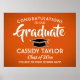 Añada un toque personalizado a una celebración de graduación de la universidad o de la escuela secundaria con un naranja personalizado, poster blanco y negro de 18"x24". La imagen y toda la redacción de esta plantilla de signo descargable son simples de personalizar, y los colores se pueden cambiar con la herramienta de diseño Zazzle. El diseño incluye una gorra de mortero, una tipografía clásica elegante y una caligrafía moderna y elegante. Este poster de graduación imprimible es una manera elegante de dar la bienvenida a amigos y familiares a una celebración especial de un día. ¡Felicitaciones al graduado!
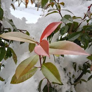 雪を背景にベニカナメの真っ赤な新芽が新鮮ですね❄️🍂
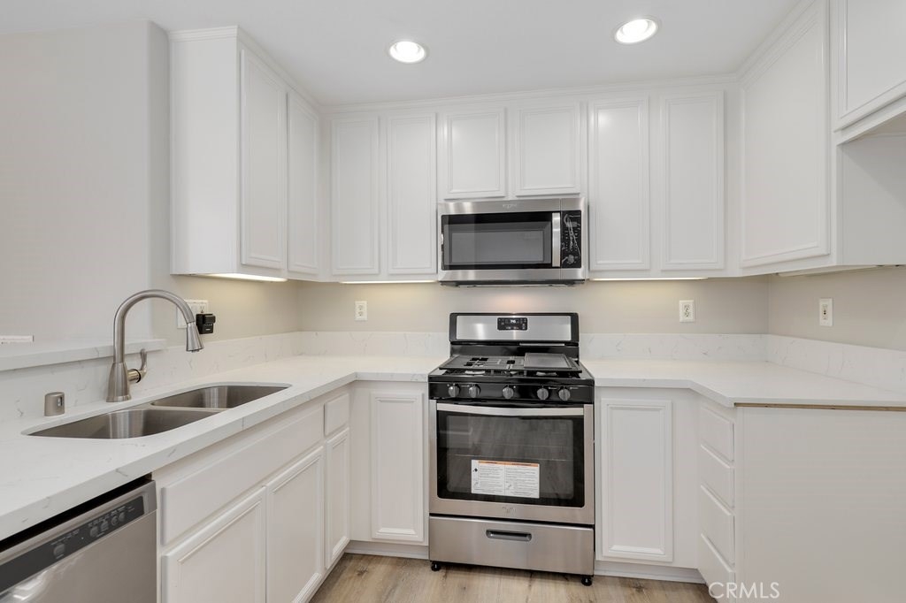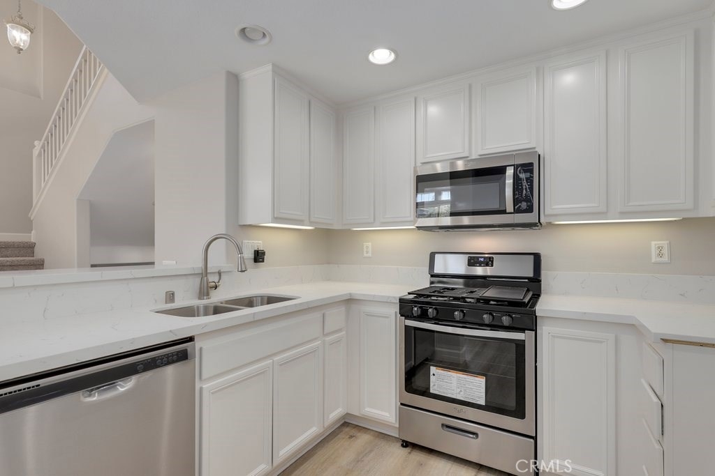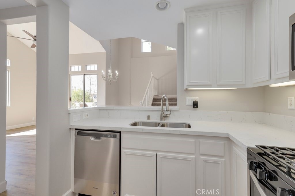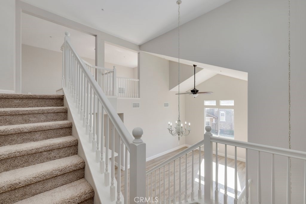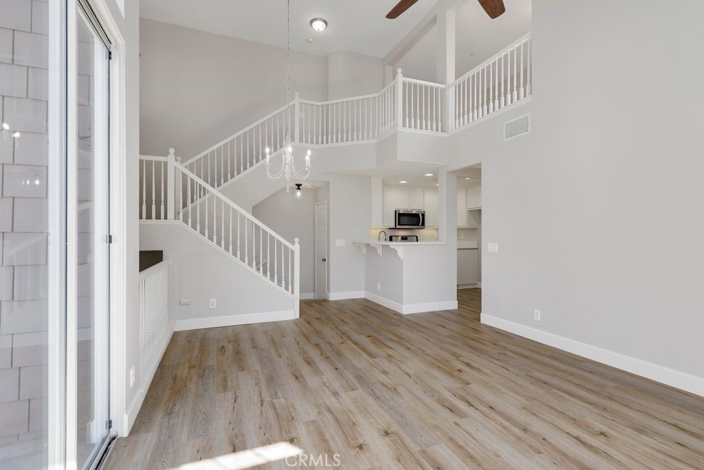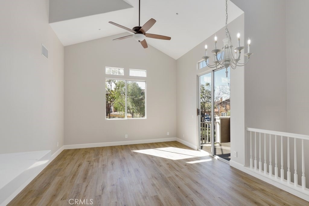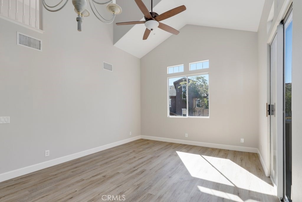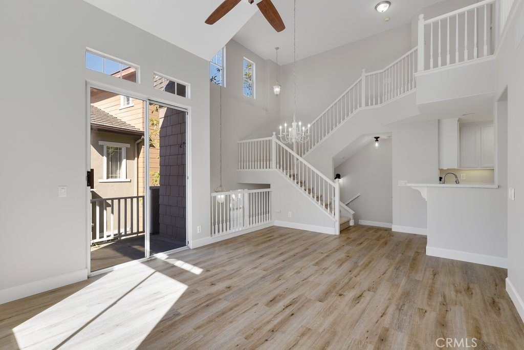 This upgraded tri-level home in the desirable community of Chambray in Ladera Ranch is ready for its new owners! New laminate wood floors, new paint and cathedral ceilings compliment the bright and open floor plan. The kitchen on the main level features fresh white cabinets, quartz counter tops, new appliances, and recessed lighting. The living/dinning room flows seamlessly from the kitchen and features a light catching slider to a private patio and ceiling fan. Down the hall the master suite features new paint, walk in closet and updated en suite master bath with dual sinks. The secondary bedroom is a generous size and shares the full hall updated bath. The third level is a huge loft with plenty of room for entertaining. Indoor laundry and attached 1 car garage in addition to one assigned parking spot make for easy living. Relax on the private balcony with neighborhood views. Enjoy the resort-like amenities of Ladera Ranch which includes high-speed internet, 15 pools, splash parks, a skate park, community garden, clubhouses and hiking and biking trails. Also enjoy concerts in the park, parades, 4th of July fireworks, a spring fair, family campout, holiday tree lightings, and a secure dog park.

==

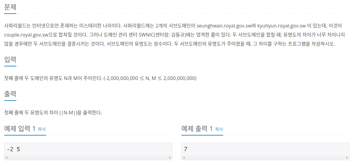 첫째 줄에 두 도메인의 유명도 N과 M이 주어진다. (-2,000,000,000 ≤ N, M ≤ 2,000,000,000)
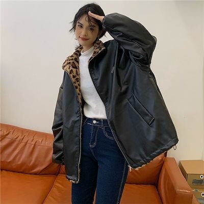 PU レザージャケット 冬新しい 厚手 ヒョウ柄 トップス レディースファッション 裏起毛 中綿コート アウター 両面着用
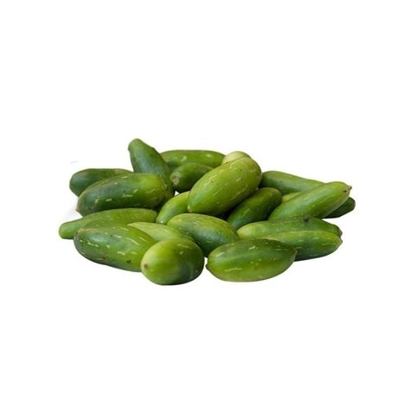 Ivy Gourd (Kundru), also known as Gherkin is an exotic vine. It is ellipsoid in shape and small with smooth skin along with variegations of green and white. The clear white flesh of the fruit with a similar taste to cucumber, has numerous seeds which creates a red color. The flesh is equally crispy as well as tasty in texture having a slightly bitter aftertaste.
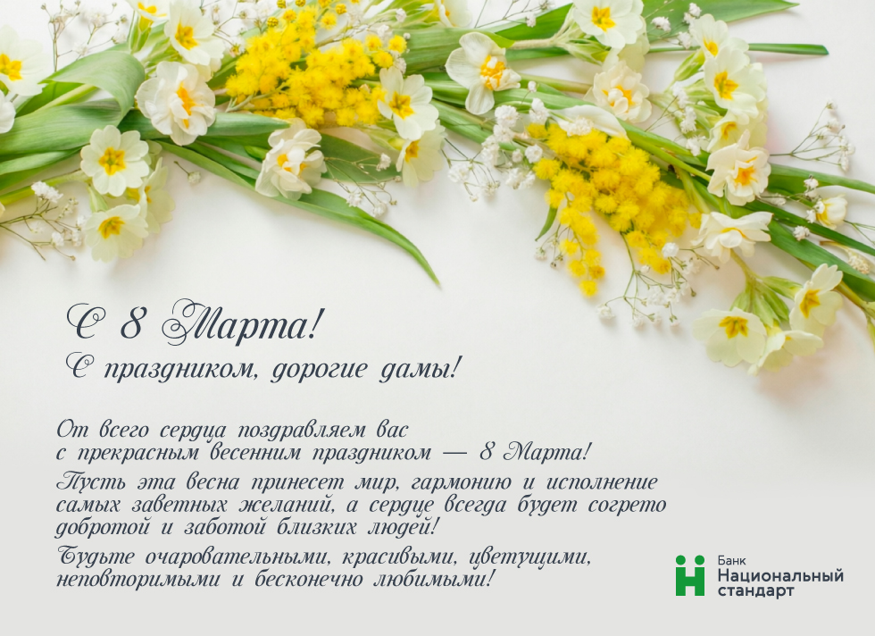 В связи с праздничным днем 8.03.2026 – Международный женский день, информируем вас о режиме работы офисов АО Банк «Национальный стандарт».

...

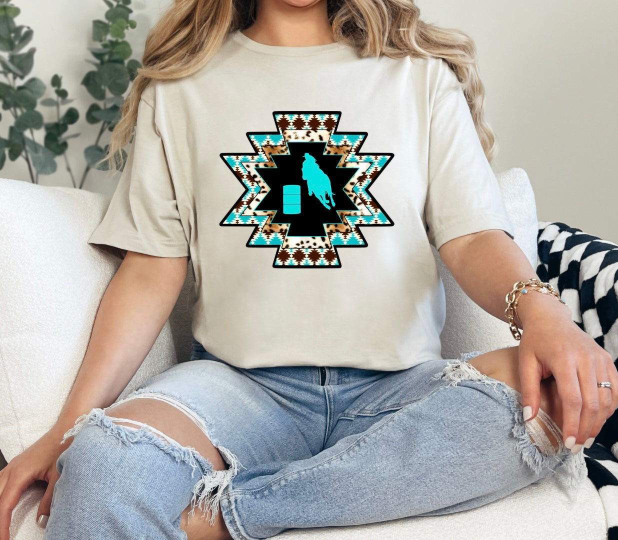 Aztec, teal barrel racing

- _Work order_:
An exact copy is needed. It runs from the line above containing "Añada un toque" down to the line containing "雪を背景にベニカナメの真っ赤な新芽が新鮮ですね❄️🍂", both included, with no pictures.

- _Expected answer_:
 Añada un toque personalizado a una celebración de graduación de la universidad o de la escuela secundaria con un naranja personalizado, poster blanco y negro de 18"x24". La imagen y toda la redacción de esta plantilla de signo descargable son simples de personalizar, y los colores se pueden cambiar con la herramienta de diseño Zazzle. El diseño incluye una gorra de mortero, una tipografía clásica elegante y una caligrafía moderna y elegante. Este poster de graduación imprimible es una manera elegante de dar la bienvenida a amigos y familiares a una celebración especial de un día. ¡Felicitaciones al graduado!
 雪を背景にベニカナメの真っ赤な新芽が新鮮ですね❄️🍂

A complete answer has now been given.